The outside was bonny, the inside was snug,
But whit I mind best o' was the wee wally dug.
It stood in a corner, high up on the shelf,
And keepit an ee on the best o' the delf.
It was washed twice a year, frae its tail tae its lug,
And pit back on the shelf, was the wee wally dug.
When oor John got mairrit tae sweet Jeannie Blue,
The auld folks they gied him a horse an' a coo,
But when I left the hoose, ma hert gied a tug,
For a' mither gied me was the wee wally dug.
There's an auld saying, 'Ne'er look a gift horse in the moo',
But I looked that wee dug frae its tail tae its broo'
An' a fun' a wee slit at the back o' its lug,
It was stuffed fu' o' notes, was the wee wally dug.
I tain it hame tae oor Lizzle tae pit on a shelf,
An' I telt her the worth o' that wee bit o' delf.
An' we aye feed it yet through that hole in its lug,
It's a guid bit o' stuff, is the wee wally dug.

The figures are also referred to as “comforters”; this is reputed to be because they could be bought outside of premises selling alcohol by husbands hoping to gain “comfort rather than conflict” from their wives.

Staffordshire dogs were described by writer Teleri Lloyd-Jones as "ornamental clichés" and depictions of the dogs have been incorporated in designs on bags and cushions.

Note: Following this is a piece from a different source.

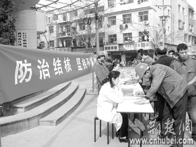 荊楚網(wǎng)(楚天都市報)(記者 盧水平 通訊員 夏瓊 項征國 攝)昨日是世界防治結核病日,江漢區(qū)疾控中心為附近幾個建筑工地的280名農(nóng)民工,進行免費結核病透視篩查,結果發(fā)現(xiàn)5例可疑肺結核病人。據(jù)介紹,進城務工者及流動人口肺結核病患病率,高出市內常住人口一倍,是目前城市結核病的重要傳染源。

Enid Marx’s still life painting "Still life with Staffordshire Dog and tulips" was motivated by her white Staffordshire Wally Dug. Various examples of Staffordshire dog figurines were included in the Marx-Lambert collection, which was put on display at Compton Verney House in 2004.

==Victorian fairy tale==
There are various tales said to portray the usefulness of placing the Staffordshire spaniel figurines on window sills. One story is that a woman could place the ornaments in her front window; if the spaniels were turned back to back, it meant her husband was at home. If he was away or at sea, the dogs would be placed facing each other. When her lover passed the house, he would then know by the way the dogs were facing, whether it was safe for him to visit her without her husband knowing. This story is also re-capped in the Baltic.